Task prompt — Exact copies of all the lines below are needed, without the pictures.
Dataset content below:
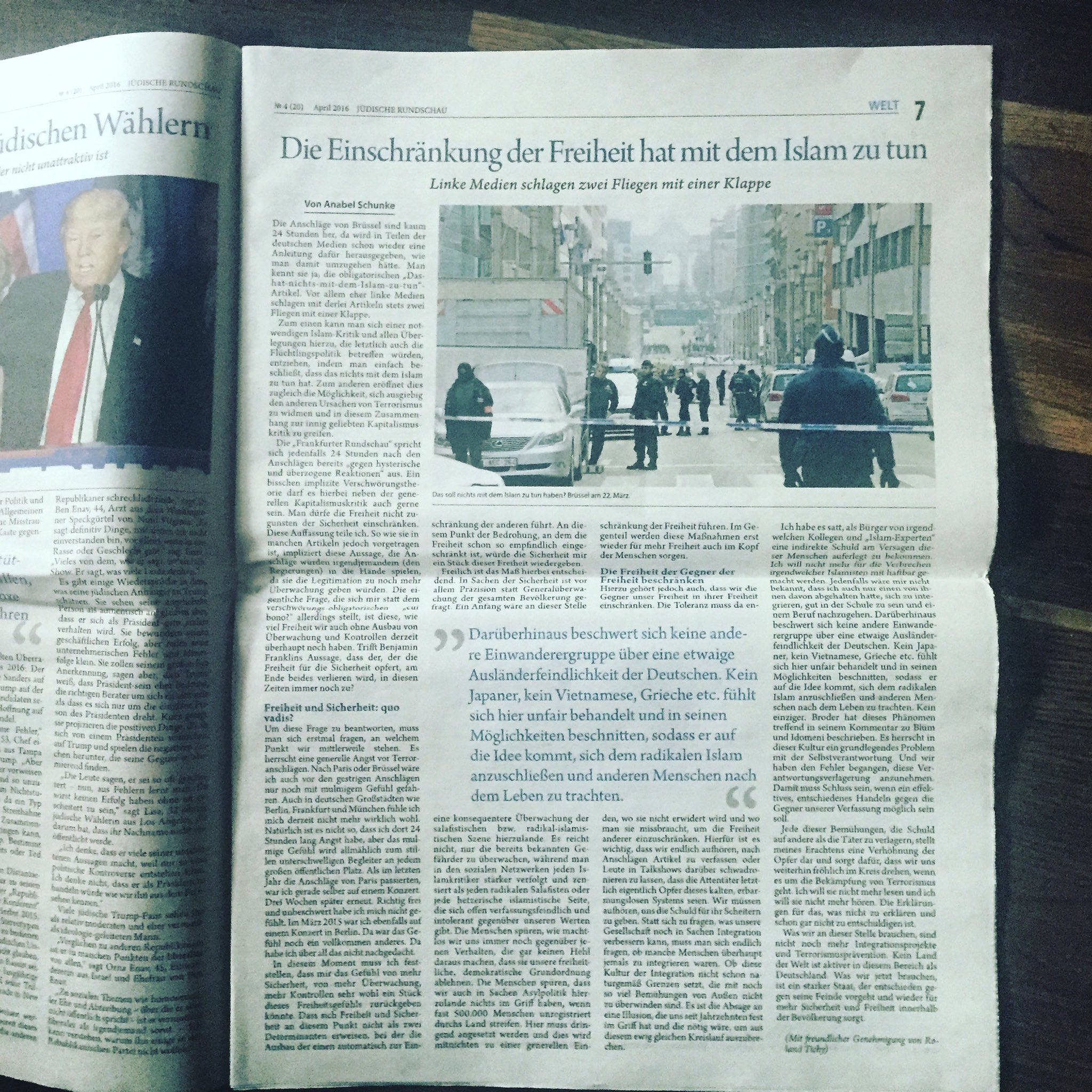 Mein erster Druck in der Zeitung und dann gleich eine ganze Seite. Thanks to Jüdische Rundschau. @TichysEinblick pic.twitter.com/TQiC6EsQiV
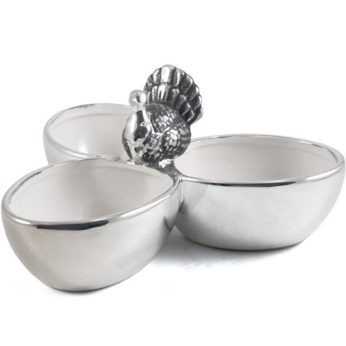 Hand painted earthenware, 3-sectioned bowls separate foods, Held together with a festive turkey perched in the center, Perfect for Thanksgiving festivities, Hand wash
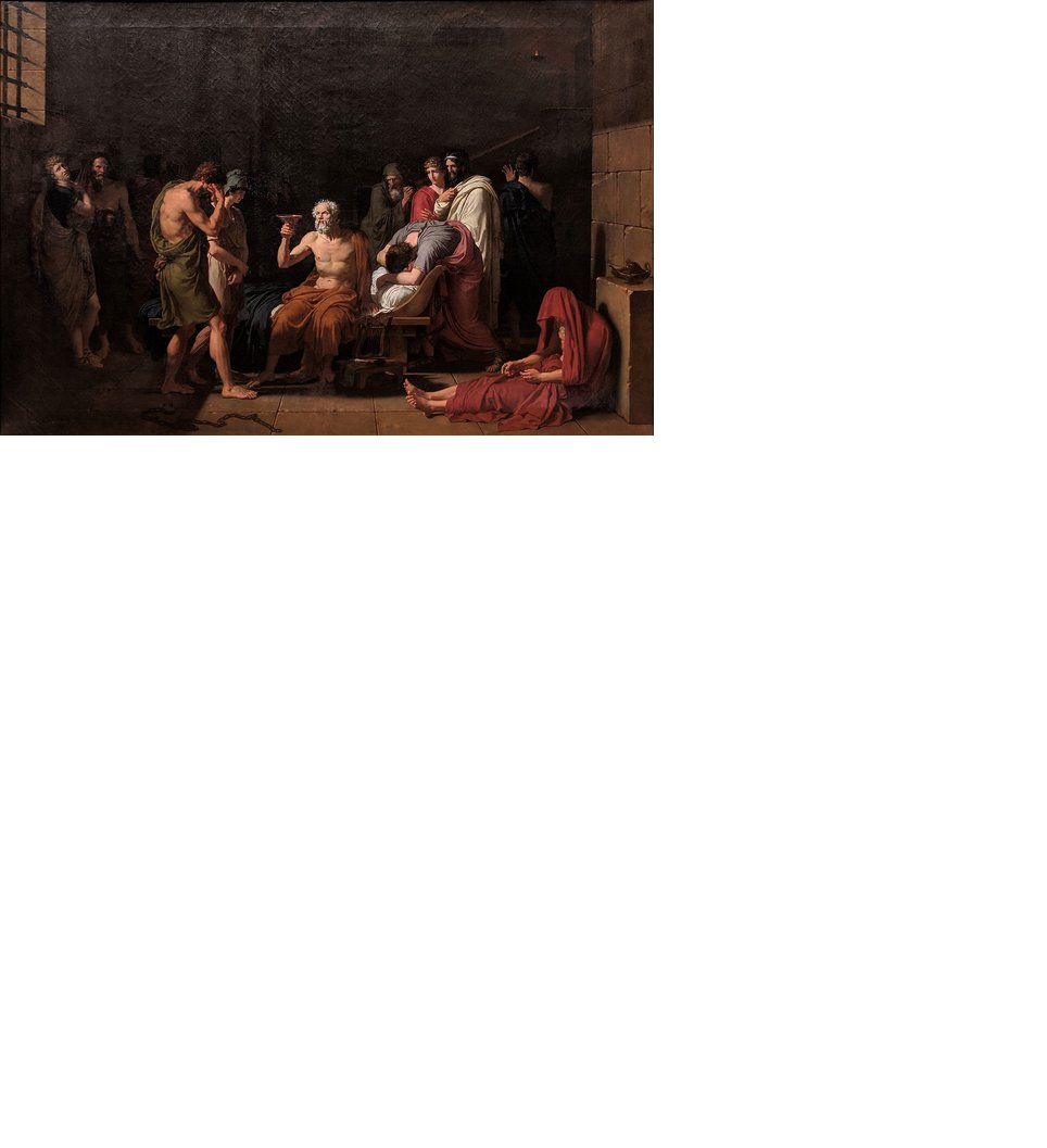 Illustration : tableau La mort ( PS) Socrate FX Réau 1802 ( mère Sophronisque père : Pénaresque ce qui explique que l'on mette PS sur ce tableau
End of Dataset content.
Written answer —
 Mein erster Druck in der Zeitung und dann gleich eine ganze Seite. Thanks to Jüdische Rundschau. @TichysEinblick pic.twitter.com/TQiC6EsQiV
 Hand painted earthenware, 3-sectioned bowls separate foods, Held together with a festive turkey perched in the center, Perfect for Thanksgiving festivities, Hand wash
 Illustration : tableau La mort ( PS) Socrate FX Réau 1802 ( mère Sophronisque père : Pénaresque ce qui explique que l'on mette PS sur ce tableau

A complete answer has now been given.